A case study of the effects of water vapour on solar radiation, PBL heights, and PM2.5 concentrations. (a) shows the measured wind speeds (m s−1) prior to P4, during P4 and after P4. (b) shows the measured PM2.5 concentrations (μg m−3) and RH (%) prior to P4, during P4 and after P4. (c) shows the measured and modeled (“dry” and “wet” cases) surface solar radiation during P4. (d) shows the measured and modeled (“dry” and “wet” cases) PBL heights. The results suggest that water vapour plays an important role in the reduction of solar radiation and PBL heights.

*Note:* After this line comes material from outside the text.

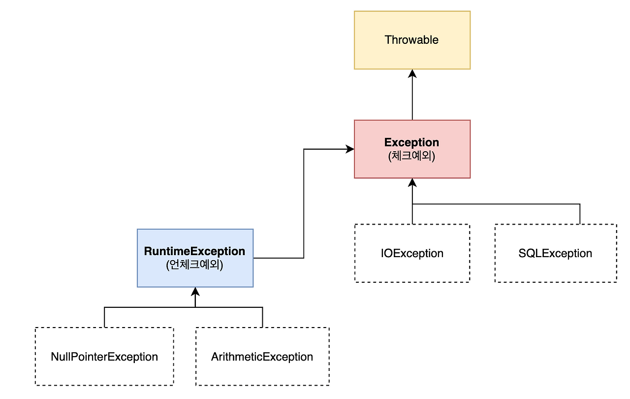 - 컴파일러가 예외 처리를 강제하지 않는 예외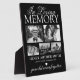 Personalised family memorial plaque featuring a stylish black background that can be changed to any colour, 5 photos of your lost loved one, the text "in loving memory", their name, birth/death dates, a white heart, and the remembrance saying "gone but never forgotten".

Model Calculations of Water Vapour Effect on Solar Radiation and PBL

In order to estimate the effect of PM and water vapour on solar radiation and PBL height, a state-of-the-art solar radiation model, Tropospheric Ultraviolet-Visible Model (TUV)17,18 and an empirical PBL model19 are applied in this study (the detailed methods of the two models are shown in Supplementary Information). The effects of water vapour on the solar radiation and the evolution of the PBL height are investigated in two different scenarios (a “wet” and a “dry” case), which represent different aerosol conditions, i.e., with and without the hygroscopic water uptake in the calculation of aerosol optical properties. The calculation showed that in “dry case’ (the blue bars in Fig. 2c), the calculated noontime solar radiations were ~320 W m−2 on Dec. 10 (at the beginning of the heavy haze), and reduced to ~275 W m−2 on Dec. 15 (at the end of the heavy haze), which was ~14% reduction of the surface solar radiation. However, this calculation still strongly deviates from the measured values, and cannot explain the large reduction of the measured surface solar radiation (see Fig. 2c). In contrast, when the hygroscopic process was taken into account in the calculation (‘wet case’), the simulated surface solar radiation reduced from ~290 W m−2 to ~160 W m−2 (~45% reduction) from the beginning to the end of the heavy haze event. This is consistent with the measured trends, i.e., about 240–330 W m−2 at the beginning and ~110 W m−2 at the end of P4 (~45% reduction). It suggests that the rapid increase in the RH value from Dec. 12 (RH ~50%) to Dec. 13 (RH ~80%) amplified the rapid decrease in the solar radiation, which impeded the development of PBL and favoured the further accumulation of pollutants and water vapour.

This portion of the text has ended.